"أنها تعلم" - Traduction Arabe en Turc

    • olduğunu biliyor
        
    • bildiğini söylemişti
        
    • biliyormuş gibi
        
    • olduğunu bildiğini
        
    Ya silahın nerede olduğunu biliyor ve bizimle oynuyor ya da hiçbir fikri yok, bu durumda vakit kaybediyoruz. Open Subtitles إما أنها تعلم أين السلاح و تعبث بنا أو أنها ليس لديها أدنى فكرة و نحن نضيع وقتنا هنا
    O telefon çaldığı sürece, orada olduğunu biliyor. Open Subtitles طالما أنه يرن، هذا يعني أنها تعلم باتصالاتك.
    Amir'in annesine nasıl hissettiğini bildiğini söylemişti. Open Subtitles لقدأخبرتوالدة(امير. ) أنها تعلم ماذا تشعر
    Amir'in annesine onu ne kadar sevdiğini bildiğini söylemişti. Open Subtitles أنها تعلم كم هي تحب ابنها
    Ona, tam olarak ne olduğunu söyledim ve sorumlu olduğunu biliyormuş gibi, sanki kendi hatasıymış gibi. Open Subtitles لقد أخبرتها بالضبط ماذا يحدث ويبدو أنها تعلم أنها مسؤلة عن ما حصل. كأنه خطأها
    Sadece, senin ne kadar harika olduğunu bildiğini sanmıyorum ve canının yanmasını istemiyorum. Open Subtitles فقط لا أظن أنها تعلم كم أنت عظيم, ولا أريد أن أراك تتأذى
    O ikinci perdenin çok ciddi dertleri olduğunu biliyor olmalı. Open Subtitles لا بد من أنها تعلم بأن الطرف الثاني في التمثيلِ لديه مشاكل عويصة
    Bu onun burada olduğunu biliyor olabileceğini gösterir. Open Subtitles انظر ، ربما ذلك يعني أنها تعلم أنه هنا ، حسنًا؟
    Ayrıca, ne için burada olduğunu biliyor. Open Subtitles بالإضافة إلى أنها تعلم ماذا يجب عليها فعله
    Ama sanırım katilin kim olduğunu biliyor. - Tamam, ara beni. Open Subtitles لكنى أعتقد أنها تعلم من يكون القاتل
    Anahtarın bende olduğunu biliyor olmalı. Open Subtitles لا بد أنها تعلم أنني أمتلك المفتاح
    Melissa aradı şimdi. Ian'ın nerede olduğunu biliyor. Open Subtitles ميليسا" أتصلت للتو " " أنها تعلم أين "أيان
    Amir'in annesine nasıl hissettiğini bildiğini söylemişti. Open Subtitles لقدأخبرتوالدة(امير. ) أنها تعلم ماذا تشعر
    Amir'in annesine onu ne kadar sevdiğini bildiğini söylemişti. Open Subtitles أنها تعلم كم هي تحب ابنها
    Bazen bana öyle bir bakıyor ki sanki ondan bir şey gizlediğimi biliyormuş gibi hissediyorum. Open Subtitles أحياناً تنظر لي بطريقة مُريبة، أعتقد أنها تعلم أنني أخفي عنها شيئاً.

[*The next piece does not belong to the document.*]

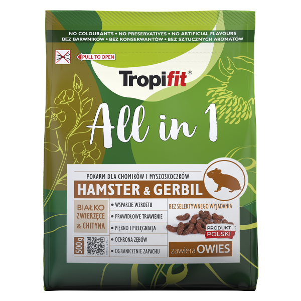 Tropifit All in 1 Hamster & Gerbil to w pełni ekstrudowana karma dla chomików i myszoskoczków, oparta na ziarnach zbóż (zawiera pełnoziarnisty owiec) i nasionach, z białkiem zwierzęcym i chityną. Nie zawiera sztucznych barwników, konserwantów, wzmacniaczy smaku, dodatku cukru i aromatów

    Sanki nereye gittiğini biliyormuş gibi direkt o kanıt kutusuna gitti. Open Subtitles لقد ذهبت تماماً إلي غرفة الأدلة كما أنها تعلم إلي أين تذهب.

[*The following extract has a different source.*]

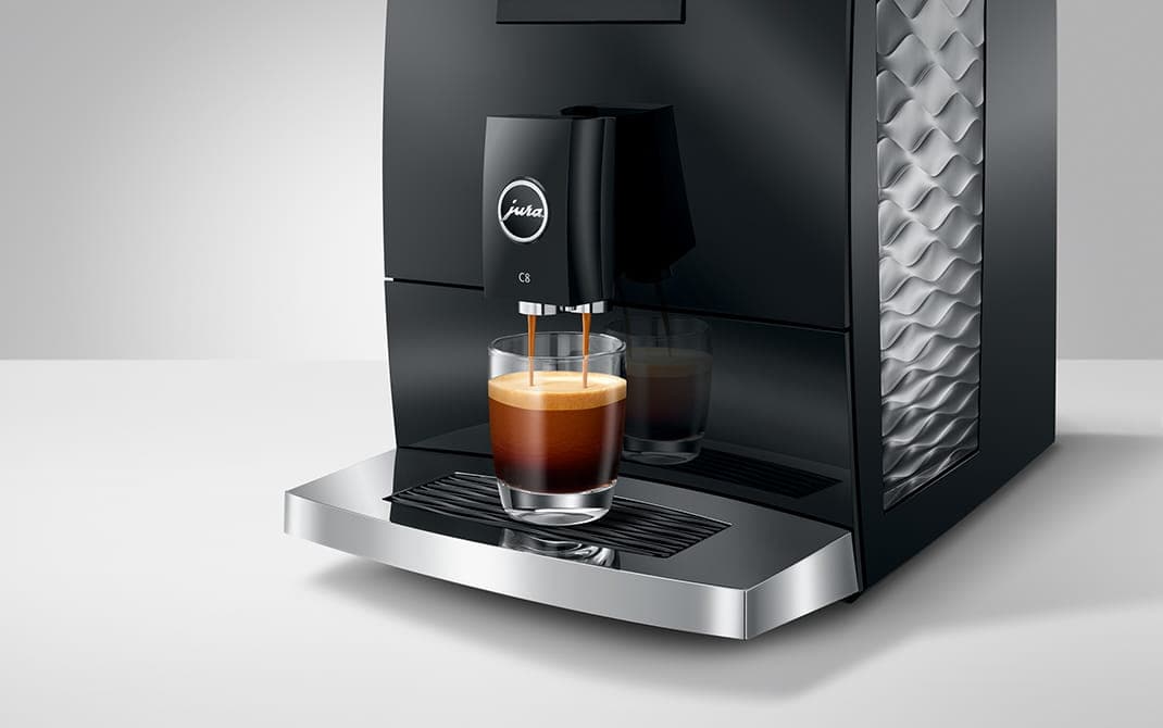 A C8 constitui a classe Premium-Economy da JURA. Num tamanho compacto, com interior potente e elementos de design de classe Premium, alcança um resultado de café de natureza particular.

    Bazen bana öyle bir bakıyor ki sanki ondan bir şey gizlediğimi biliyormuş gibi hissediyorum. Open Subtitles أحياناً تنظر لي بطريقة مُريبة، أعتقد أنها تعلم أنني أخفي عنها شيئاً.
    Çünkü ne olduğunu bildiğini düşünüyordu, bana istediğim her şeyi veriyordu: Merhamet, şefkat TED لأنها ظنت أنها تعلم ماهية الأمر، منحتني كل ما كنت بحاجة إليه: اللطف والشفقة.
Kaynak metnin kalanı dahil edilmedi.